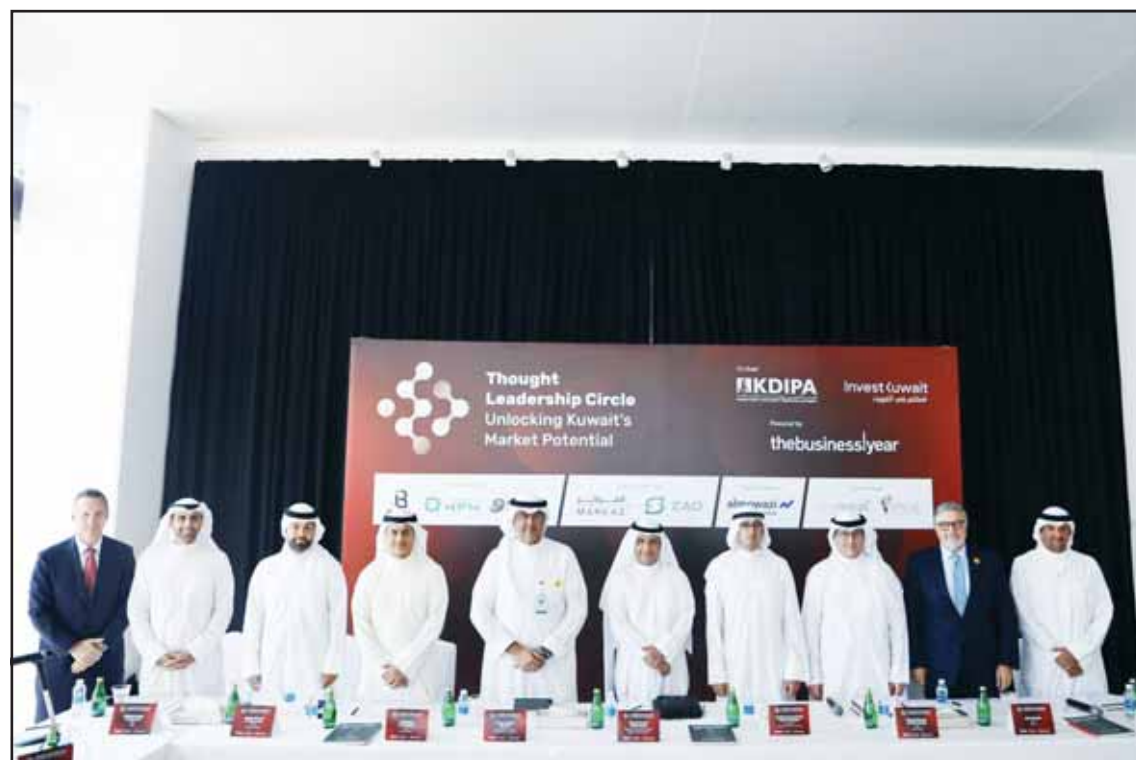
Stakeholders discuss Kuwait's evolving market landscape.

The event was made possible through the support of sponsors and partners including Beyout Holding, KFH, Zain, Markaz, Zad Fintech, AlMowazi Capital, Miceminds, and Apache Photography.
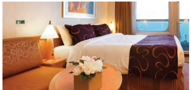
Outside cabin with ocean view balcony
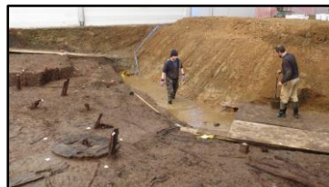
Very delicate, hot off the trowel and found just days before the group's visit – the most complete Bronze Age wheel found in this country. Above – wheel lying on the surface; left - detail of the wheel with a hint of an axel.
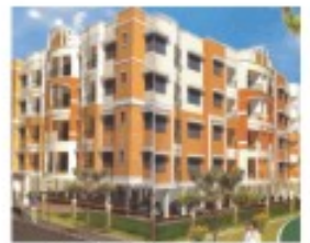
Samhita Spice Wood
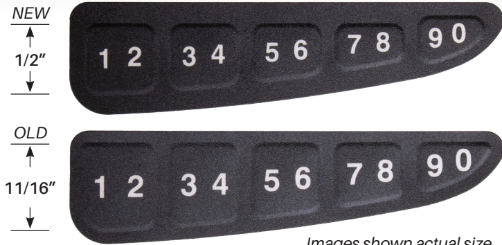
Images shown actual size
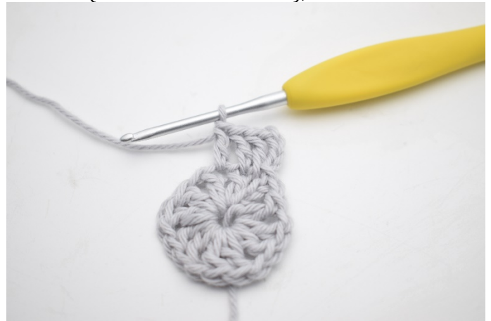
6. Work 1 dc into the next 2 sts.
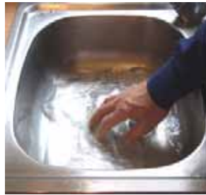
3. Add more water and rinse away loosened grime.
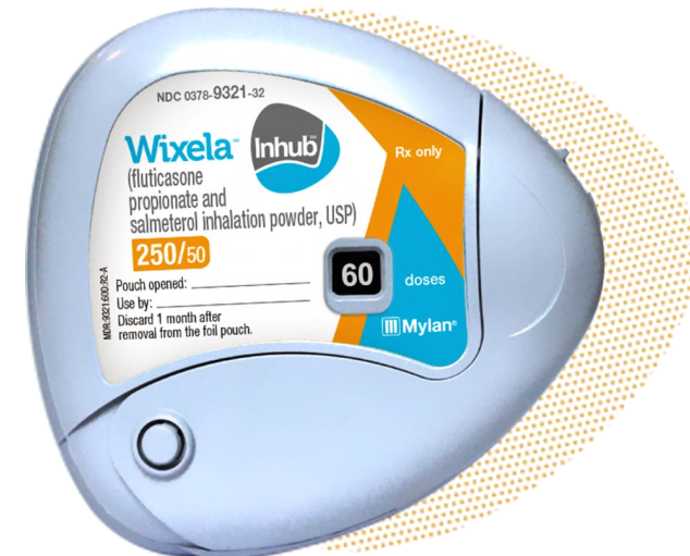
Wixela Inhub fluticasone/salmeterol
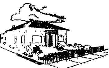
CITY HALL 1903

616 Sixth St. * Rapid City, SD 57701 * 605/721-7310 FAX: 605/721-7313 * E-MAIL: Gary@RennerAssoc.com * Spearfish 605/717-0016 *
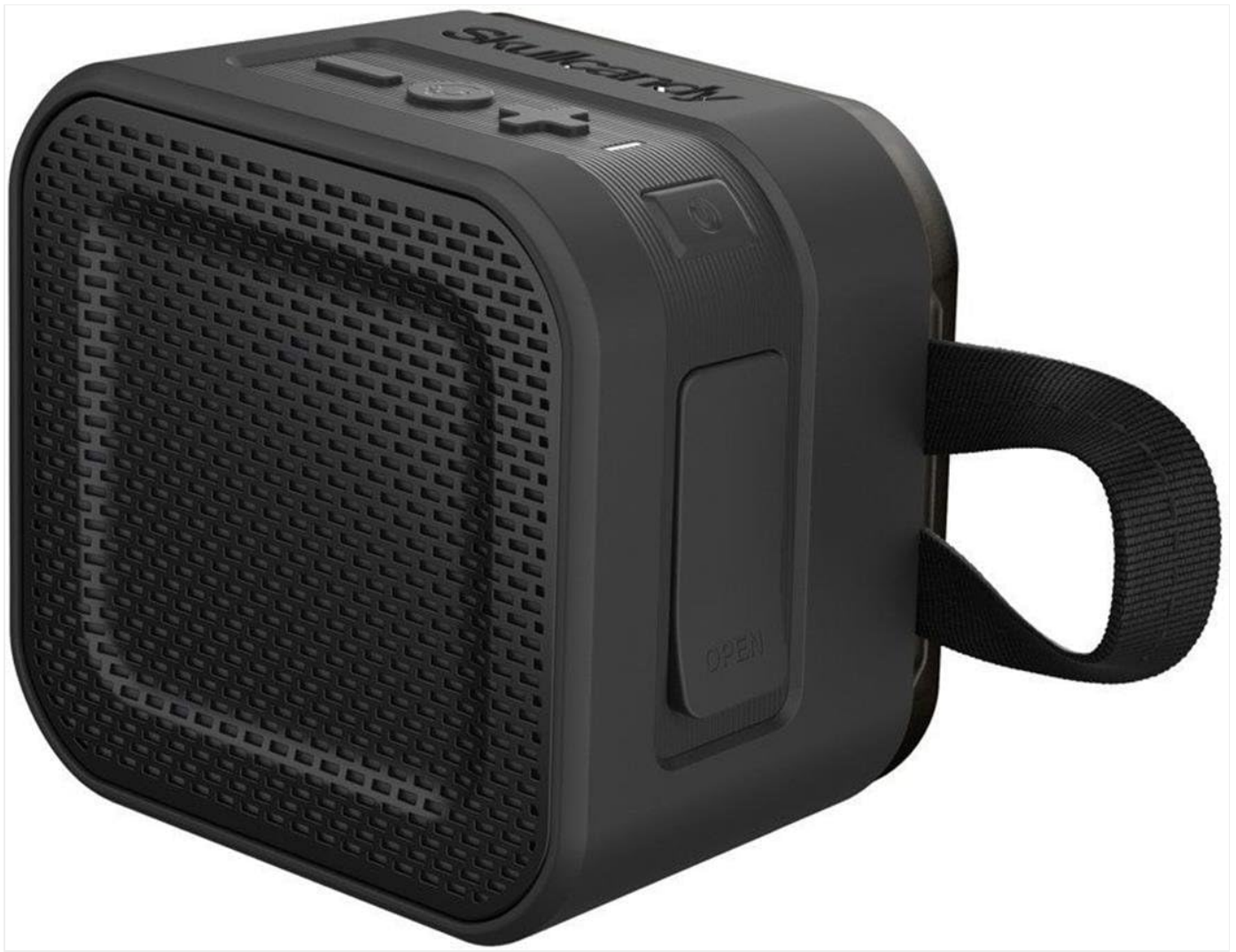
Image: Front view of the Skullcandy Barricade Mini Wireless Portable Speaker, black in color, showcasing its compact, square design with a textured speaker grille and a fabric loop on the side.
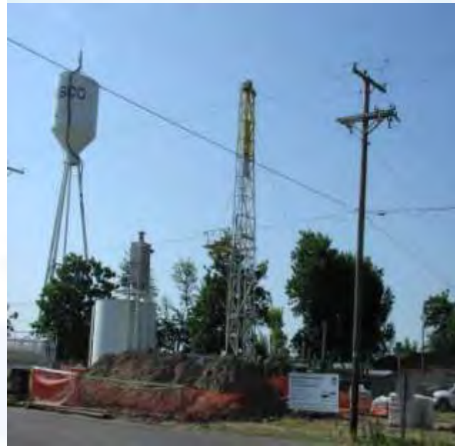
City of Risco, MO
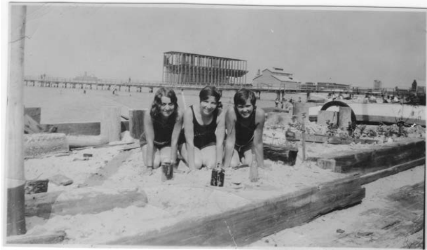
Park End Coal Pier (Roxbury)
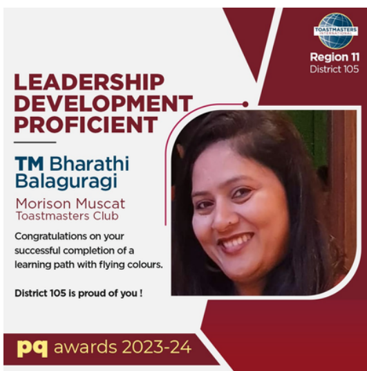
Awards & Recognition from District 105
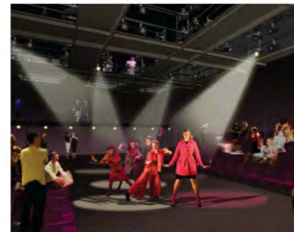
Proposals for the studio space

The projects were carefully packaged together to enable the building work to proceed whilst the school remained safe and operational. Summer holidays were targeted for major structural and disruptive works to minimise loss of space for paying pupils.
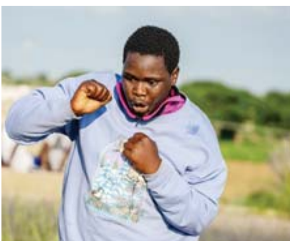
A man shadow boxes during a morning workout session.
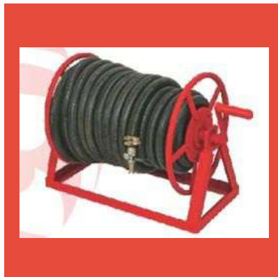
Stand Mounting Hose Reel
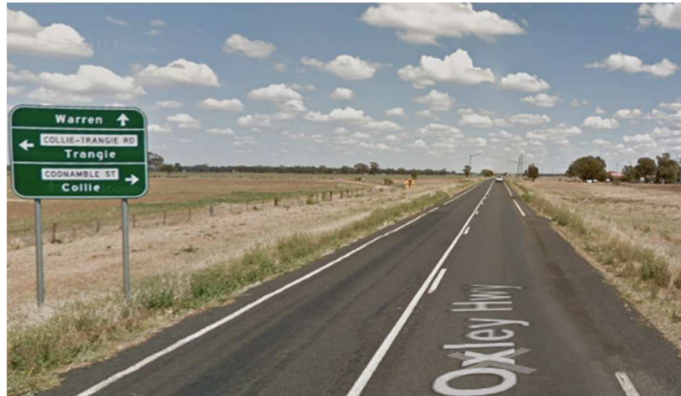
Navigation Sign (Oxley Highway east - Google)
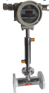
Product Code : MK-TFM-FR-TZ-TX-CJ

With Cooling Jacket Field Mounted Flow Rate Indicator, Totalizer, 4-20 mA Out Put, Pulse Out Put, Low & High Flow Alarm
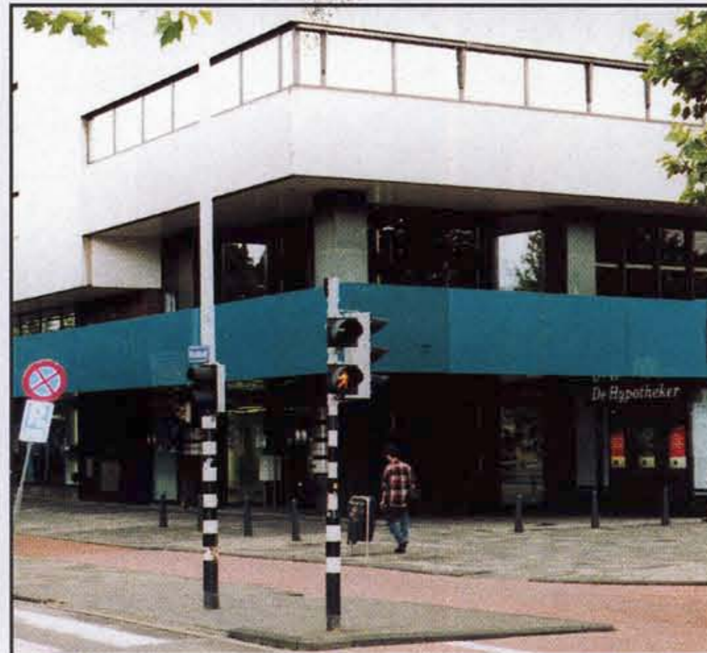
The entrance of the “Sealiner Building”
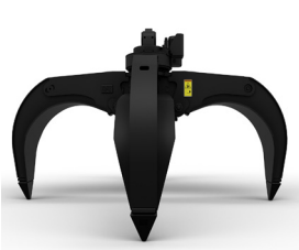
GSH – ORANGE PEEL GRAPPLES

Match your machine to the job. The MH3022 offers ten boom and stick combinations, while the MH3024 offers eight. The boom and stick options as well as multiple undercarriage configurations allow you to customize your machine to meet the demands of your application.
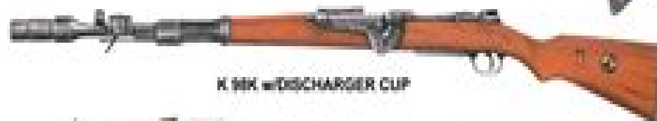
K 98K w/DISCHARGER CUP
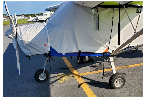
Best Off Skyranger Complete Cover Set
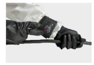
WRIST REMOTE CONTROL Operate by one person AC3303604
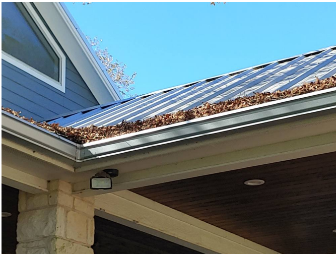
K. Debris on roof & gutters
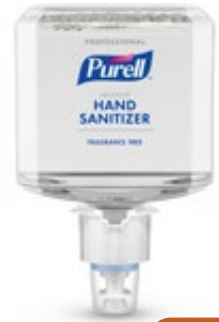
ES4 Purell Hand Sanitiser
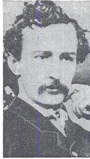
JOHN WILKES BOOTH
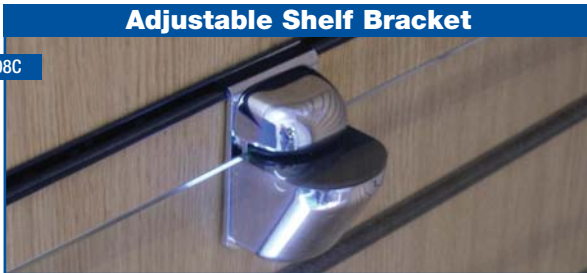
Adjustable Shelf Bracket
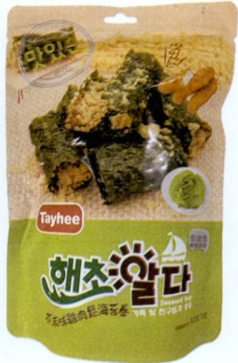
Figure 3. Unregistered TAYHEE Seaweed Roll in a Cream and Green-colored resealable plastic (Labels are in foreign characters)

○ ○ ○ ○ ○ ○ ○

Pick each line holding the word "space" out of the data and copy it.

Proposals for the studio space
The projects were carefully packaged together to enable the building work to proceed whilst the school remained safe and operational. Summer holidays were targeted for major structural and disruptive works to minimise loss of space for paying pupils.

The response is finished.